Fri Nov 21 08:46:14 EST 2008

inline answers;

2008/11/21 Hardy Ferentschik <hibernate at ferentschik.de>:
> On Thu, 20 Nov 2008 21:14:16 +0100, Sanne Grinovero
> <sanne.grinovero at gmail.com> wrote:
>
>> because of HSEARCH-268( optimize indexes in parallel ) but also for
>> other purposes, I am in need to define a new ThreadPool in Hibernate
>> Search's Lucene backend.
>> The final effect will actually be that all changes to indexes are
>> going to be performed in parallel (on different indexes).
>
> So really, we should rename the Jira task to "apply index modifications
> in parallel", unless we are first tackling the optimize problem only.
yes I should rename it, it would be more difficult to isolate optimization
only than actually doing all work parallel.

>
>> about the size
>> =========
>> I've considered some options:
>> 1) "steal" the configuration setting from BatchedQueueingProcessor,
>> transforming that implementation in singlethreaded,
>> and reusing the parameter internally to the Lucene backend only (JMS
>> doesn't need it AFAIK).
>> I'm afraid this could break custom made backends configuration parsing.
>>
>> 2)add a new parameter to the environment
>
> Will this change change the way the work execution is configured? For
> example,
> if you set hibernate.search.worker.execution=async, does this mean that
> first of
> all the work queue itself gets processed by
> hibernate.search.worker.thread_pool.size number of threads
> and then there will be another thread (from another pool? same pool?) per
> directory provider applying the
> actual changes?
> If so we need two settings I believe since the default size of these two
> different thread pools
> will be different, right?
yes you got the point, this is why I'm writing here.
Actually the second pool size, as mentioned in other email, should be fixed
and so we don't need to add a new parameter. This is good for the book ;-)

>
>> about transactions
>> ============
>> As you know Search is not using a two phase commit between DB and
>> Index, but Emmanuel has a very cool vision about that: we could add
>> that later.
>> The problem is: what to do if a Lucene index update fails (e.g. index
>> A is corrupted),
>> should we cancel the tasks going to make changes to the other indexes, B
>> and C?
>> That would be possible, but I don't think that you like that: after
>> all the database changes are committed already, so I should actually
>> make a "best effort" to update all indexes which are still working
>> correctly.
>
> I think a best effort approach is the best for now.
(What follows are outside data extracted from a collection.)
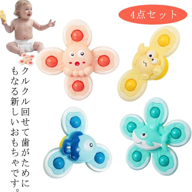 歯がため クルクル回る吸盤付き 4点セット 赤ちゃんおもちゃ クルクル ハンドスピナー 強力な吸盤付き 赤ちゃん おもちゃ 指先訓練 おふろ おもちゃ 男の子 女の子 誕生日 プレゼント ギフト
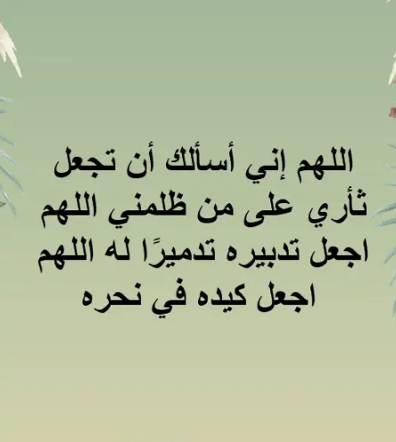 - اللهم يا ذا الجلال والإكرام، يا ذا الكبرياء والعظمة، يا من لا يُذل من نصرته، ولا يُخيب من توكل عليه، يا من هو حسبنا ونعم الوكيل، نسألك يا الله يا رب العالمين أن تنصرنا على من ظلمنا، وأن تكشف عنا كربة الظلم، وأن تجعل كيد الظالم في نحره، وأن ترد عليه ظلمه في نفسه وماله وأهله، وأن تجعله عبرة لمن يعتبر، وأن ترفع شأننا في الدنيا والآخرة.
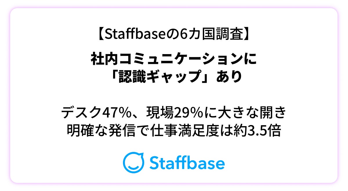【6カ国調査】社内コミュニケーションに“認識ギャップ”あり デスク47%・現場29%に大きな開き、明確な発信で仕事満足度は約3.5倍
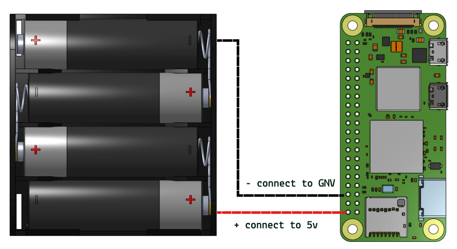 Connect the AA battery holder to the Raspberry Pi 2W.
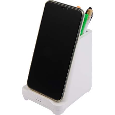 The desk mate includes all of your desktop essentials: Bluetooth Speaker, Stand, Charging Hub, and pen holder. The bluetooth speaker will provide over three hours of playback time at max volume. The built in microphone allows the the desk mate to be used for conference calls without holding your phone. The USB C and USB A charging hub allow you to charge your devices at your desk.

I assume we still throw
> an Exception
> if the index operation fails, right? In this case the user will have to
> reindex one way or
> the other anyway.
well an indexing time failure would kill a thread in the pool
and get logged of course, but will not "kill" the committing transaction.
This is the same semantics as of current working in async, so my guess is that
 it could stay that way at least for this release.
Actually in sync mode the behaviour would be different.. should I catch
the exception and pass it back to the committing thread?
This means the exception handling is currently different in sync or async too,
probably nobody is bothering with this detail?
>

> Will we be able to get this change in for the GA release?

yes the concept code is working here, need to do some more tests
and of course a "go" feedback from this list.

>
> --Hardy
>

thanks for helping,
Sanne